**WORK TO COMPLETE:** Line by line, the data below should be set down unchanged, with images excluded.

(Stored data entries)
[Start of Attachment]

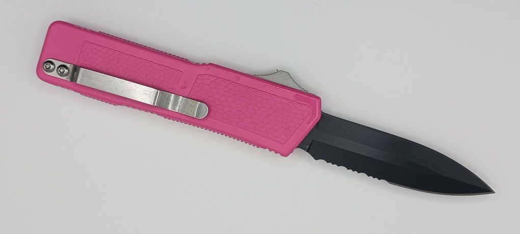 Lightning Supreme Pink D/A OTF Automatic Knife Dagger Point Black Serrated. The Pink Lightning Supreme has an 8 inch total length with a 3.25 inch blade. It is a double action in and out switchblade knife. This is a taiwan version. The taiwan version was the first produced before the chinese versions came out. This version has aircraft aluminum handles and better made metal blades. The springs in these are made better than the chinese versions. It comes with a pocket clip which can be taken off.
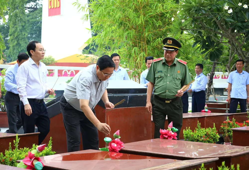 Thủ tướng Phạm Minh Chính thắp hương tưởng niệm các anh hùng liệt sĩ tại Nghĩa trang Liệt sĩ TP Cần Thơ, sáng 13-7
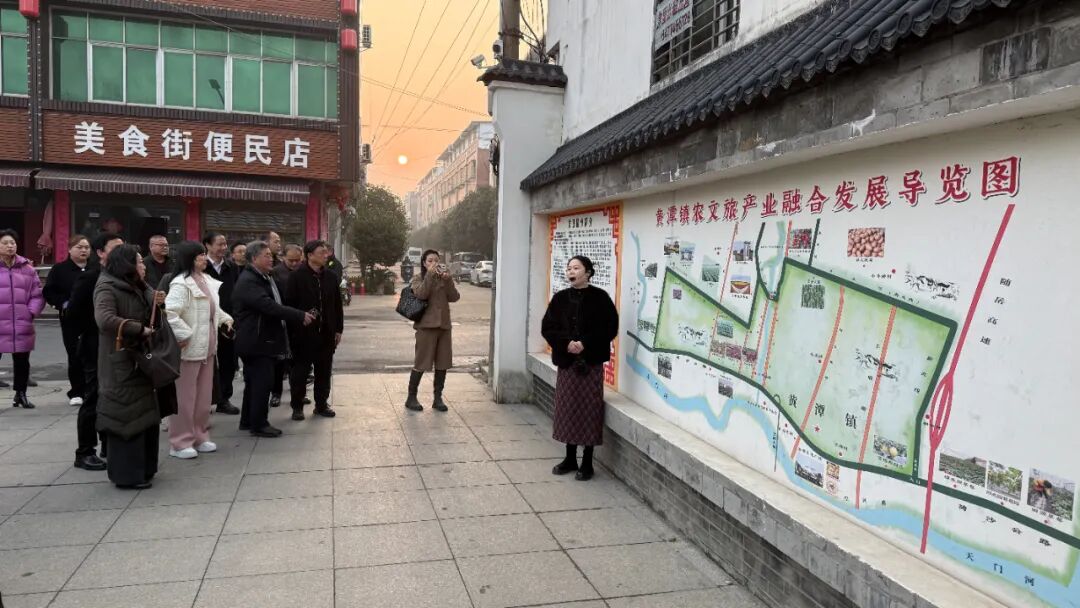 考察团首站驻足黄潭镇农旅文化导览图前,认真听取相关情况介绍,详细了解我镇以荷沙线、小北环、知青大道为主线精心打造的25公里“三横八纵”农文旅循环圈建设情况,以及“品黄潭米粉、拾竟陵文化、采四季瓜果、忆知青岁月”特色文化品牌的内涵与发展规划。
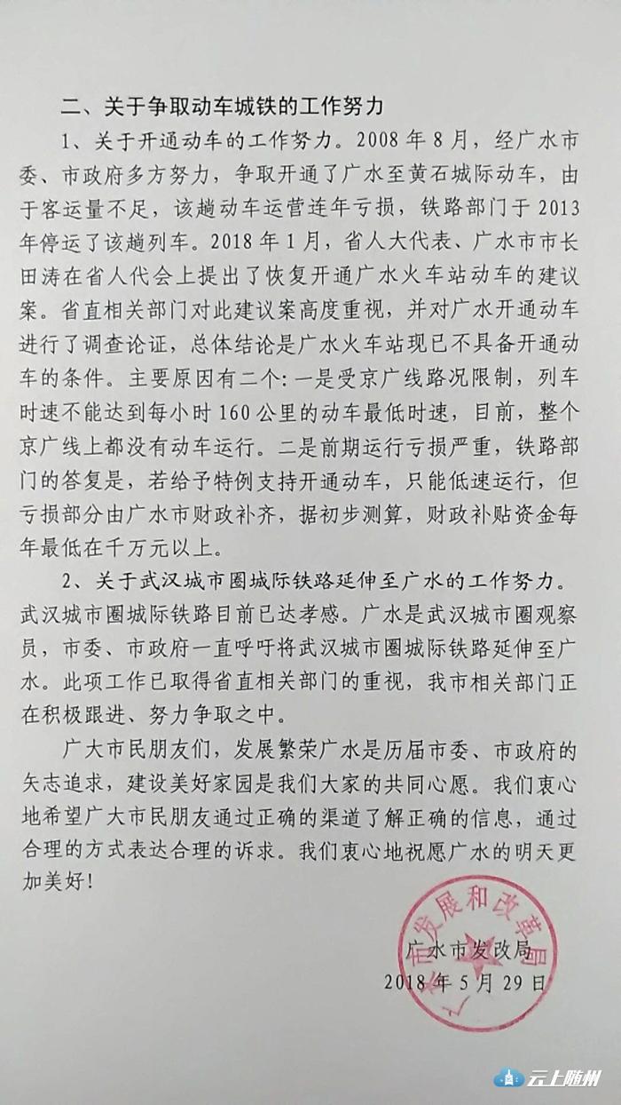 1、关于开通动车的工作努力。2008年8月,经广水市委、市政府多方努力,争取开通了广水至黄石城际动车,由于客运量不足,该趟动车运营连年亏损,铁路部门于2013年停运了该趟列车。2018年1月,省人大代表、广水市市长田涛在省人代会上提出了恢复开通广水火车站动车的建议案。省直相关部门对此建议案高度重视,并对广水开通动车进行了调查论证,总体结论是广水火车站现已不具备开通动车的条件。主要原因有二个:一是受京广线路况限制,列车时速不能达到每小时160公里的动车最低时速,目前,整个京广线上都没有动车运行。二是前期运行亏损严重,铁路部门的答复是,若给予特例支持开通动车,只能低速运行,但亏损部分由广水市财政补齐,据初步测算,财政补贴资金每年最低在千万元以上。
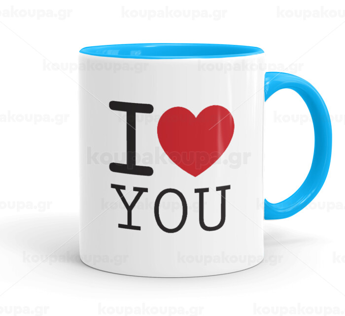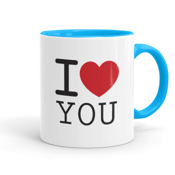 I Love you classic, Mug colored light blue, ceramic, 330ml
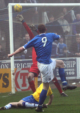 ![]() Jamie drills it home through Hay's legs ![]() He liked that one! |
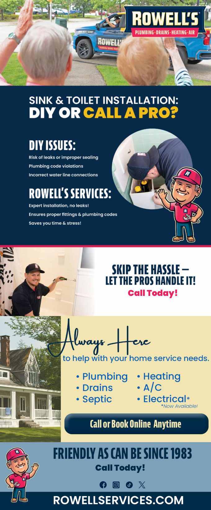 "Friendly As Can Be Since 1983!" When you need help with your plumbing, drains, heating, cooling or electrical in Farmington, you can always rely on Rowell's Services! Call us now or book online!
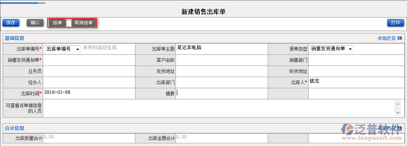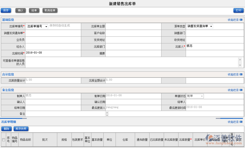 銷售出庫(kù)單在產(chǎn)品已經(jīng)賣出的情況下使用,【新建銷售出庫(kù)單】主要針對(duì)銷售出的產(chǎn)品進(jìn)行管理。新建銷售出庫(kù)單中主要包含的屬性有:出庫(kù)單編號(hào)、銷售發(fā)貨通知單、出庫(kù)時(shí)間、出庫(kù)人、出庫(kù)明細(xì)等
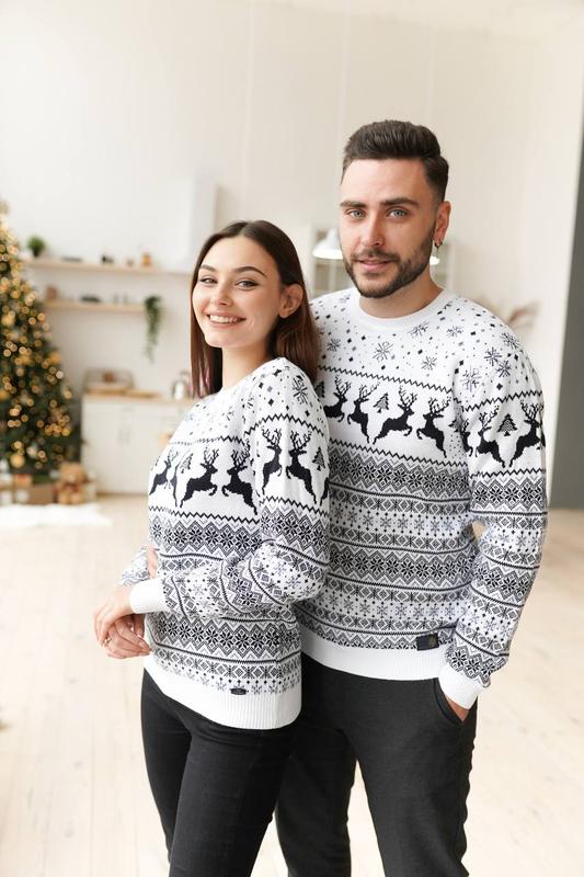 хар.др.7.10 Новогодний свитер с оленями 🦌 Материал: 70% шерсть, 30% акрил (не колется, очень приятный к телу) Цвет: бордовый, темно-синий, джинс, белый, красный Размер женский: С-М, Л-ХЛ Размер мужской: М, Л, ХЛ, ХХЛ
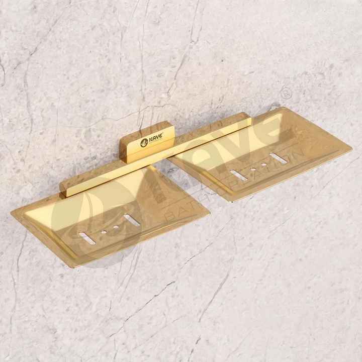 Acier inoxydable Rectangle Or Double Porte-Savon Salle De Bains Comptoir Organisateur Moderne Durable Résistant À La Rouille Facile À Nettoyer Élégant
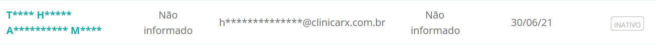 Perceba que, ao invés do nome do paciente, aparecerão somente as iniciais do nome e o restante será preenchido com asteriscos. O mesmo serve para o e-mail. Não teremos mais acesso nem à idade e nem ao CPF, apenas à data do último atendimento:
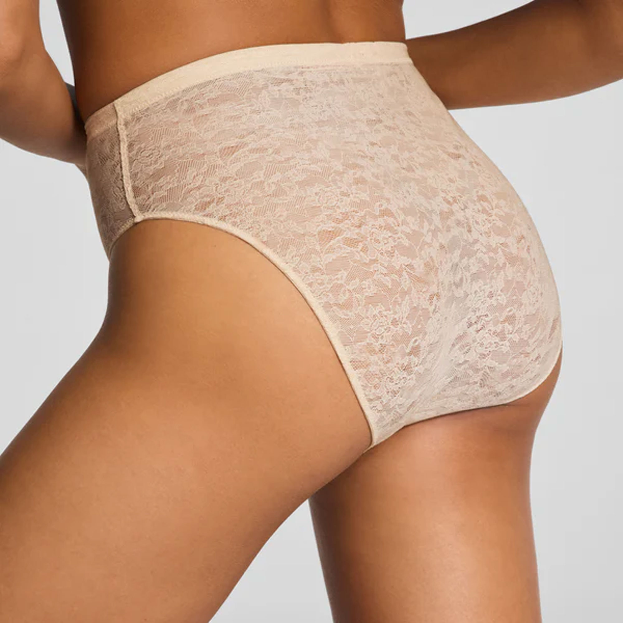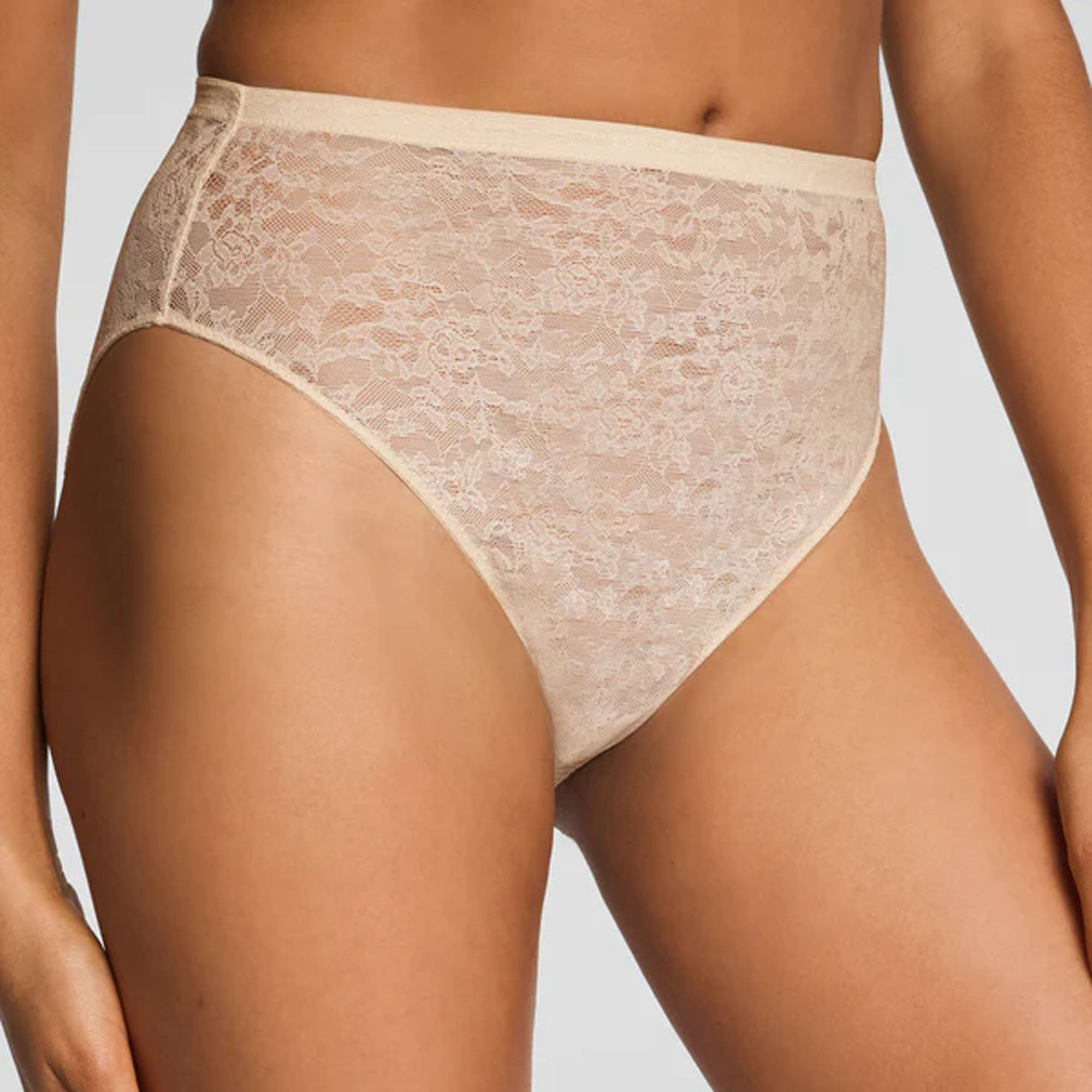 - Elasticated waistband, full coverage, floral lace structure, sheer finish
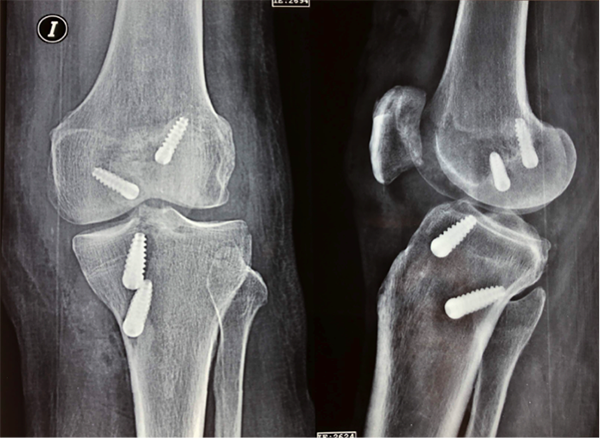 Figura 8: Rx frente y perfil: Resultado luego de la reconstrucción anatómica de LCA y LCP. Rx perfil: detalle de huella de toma de taco óseo sobre polo superior de rotula de la toma del injerto DTC.
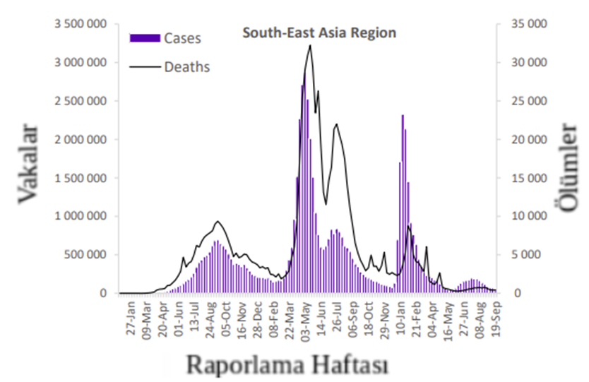 Bölge, önceki haftaya benzer şekilde 400'den fazla ölüm vakası bildirmiştir. En çok yeni ölüm vakası bildiren ülkeler Hindistan (173 yeni ölüm; 100.000'de <1 yeni ölüm; -%7), Endonezya (122 yeni ölüm; 100.000'de <1 yeni ölüm; önceki haftaya benzer) ve Tayland (89 yeni ölüm; 100.000'de <1 yeni ölüm; önceki haftaya benzer) olmuştur.
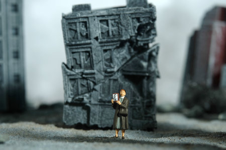 Miniature people toy figure photography. A woman holding photo frame, searching for missing person because of war conflict in the middle of ruined demolish city. Image photo

[End of Attachment]

**SOLUTION TO THIS PROBLEM:**
 Lightning Supreme Pink D/A OTF Automatic Knife Dagger Point Black Serrated. The Pink Lightning Supreme has an 8 inch total length with a 3.25 inch blade. It is a double action in and out switchblade knife. This is a taiwan version. The taiwan version was the first produced before the chinese versions came out. This version has aircraft aluminum handles and better made metal blades. The springs in these are made better than the chinese versions. It comes with a pocket clip which can be taken off.
 Thủ tướng Phạm Minh Chính thắp hương tưởng niệm các anh hùng liệt sĩ tại Nghĩa trang Liệt sĩ TP Cần Thơ, sáng 13-7
 考察团首站驻足黄潭镇农旅文化导览图前,认真听取相关情况介绍,详细了解我镇以荷沙线、小北环、知青大道为主线精心打造的25公里“三横八纵”农文旅循环圈建设情况,以及“品黄潭米粉、拾竟陵文化、采四季瓜果、忆知青岁月”特色文化品牌的内涵与发展规划。
 1、关于开通动车的工作努力。2008年8月,经广水市委、市政府多方努力,争取开通了广水至黄石城际动车,由于客运量不足,该趟动车运营连年亏损,铁路部门于2013年停运了该趟列车。2018年1月,省人大代表、广水市市长田涛在省人代会上提出了恢复开通广水火车站动车的建议案。省直相关部门对此建议案高度重视,并对广水开通动车进行了调查论证,总体结论是广水火车站现已不具备开通动车的条件。主要原因有二个:一是受京广线路况限制,列车时速不能达到每小时160公里的动车最低时速,目前,整个京广线上都没有动车运行。二是前期运行亏损严重,铁路部门的答复是,若给予特例支持开通动车,只能低速运行,但亏损部分由广水市财政补齐,据初步测算,财政补贴资金每年最低在千万元以上。
 I Love you classic, Mug colored light blue, ceramic, 330ml
 ![]() Jamie drills it home through Hay's legs ![]() He liked that one! |
 "Friendly As Can Be Since 1983!" When you need help with your plumbing, drains, heating, cooling or electrical in Farmington, you can always rely on Rowell's Services! Call us now or book online!
 銷售出庫(kù)單在產(chǎn)品已經(jīng)賣出的情況下使用,【新建銷售出庫(kù)單】主要針對(duì)銷售出的產(chǎn)品進(jìn)行管理。新建銷售出庫(kù)單中主要包含的屬性有:出庫(kù)單編號(hào)、銷售發(fā)貨通知單、出庫(kù)時(shí)間、出庫(kù)人、出庫(kù)明細(xì)等
 хар.др.7.10 Новогодний свитер с оленями 🦌 Материал: 70% шерсть, 30% акрил (не колется, очень приятный к телу) Цвет: бордовый, темно-синий, джинс, белый, красный Размер женский: С-М, Л-ХЛ Размер мужской: М, Л, ХЛ, ХХЛ
 Acier inoxydable Rectangle Or Double Porte-Savon Salle De Bains Comptoir Organisateur Moderne Durable Résistant À La Rouille Facile À Nettoyer Élégant
 Perceba que, ao invés do nome do paciente, aparecerão somente as iniciais do nome e o restante será preenchido com asteriscos. O mesmo serve para o e-mail. Não teremos mais acesso nem à idade e nem ao CPF, apenas à data do último atendimento:
 - Elasticated waistband, full coverage, floral lace structure, sheer finish
 Figura 8: Rx frente y perfil: Resultado luego de la reconstrucción anatómica de LCA y LCP. Rx perfil: detalle de huella de toma de taco óseo sobre polo superior de rotula de la toma del injerto DTC.
 Bölge, önceki haftaya benzer şekilde 400'den fazla ölüm vakası bildirmiştir. En çok yeni ölüm vakası bildiren ülkeler Hindistan (173 yeni ölüm; 100.000'de <1 yeni ölüm; -%7), Endonezya (122 yeni ölüm; 100.000'de <1 yeni ölüm; önceki haftaya benzer) ve Tayland (89 yeni ölüm; 100.000'de <1 yeni ölüm; önceki haftaya benzer) olmuştur.
 Miniature people toy figure photography. A woman holding photo frame, searching for missing person because of war conflict in the middle of ruined demolish city. Image photo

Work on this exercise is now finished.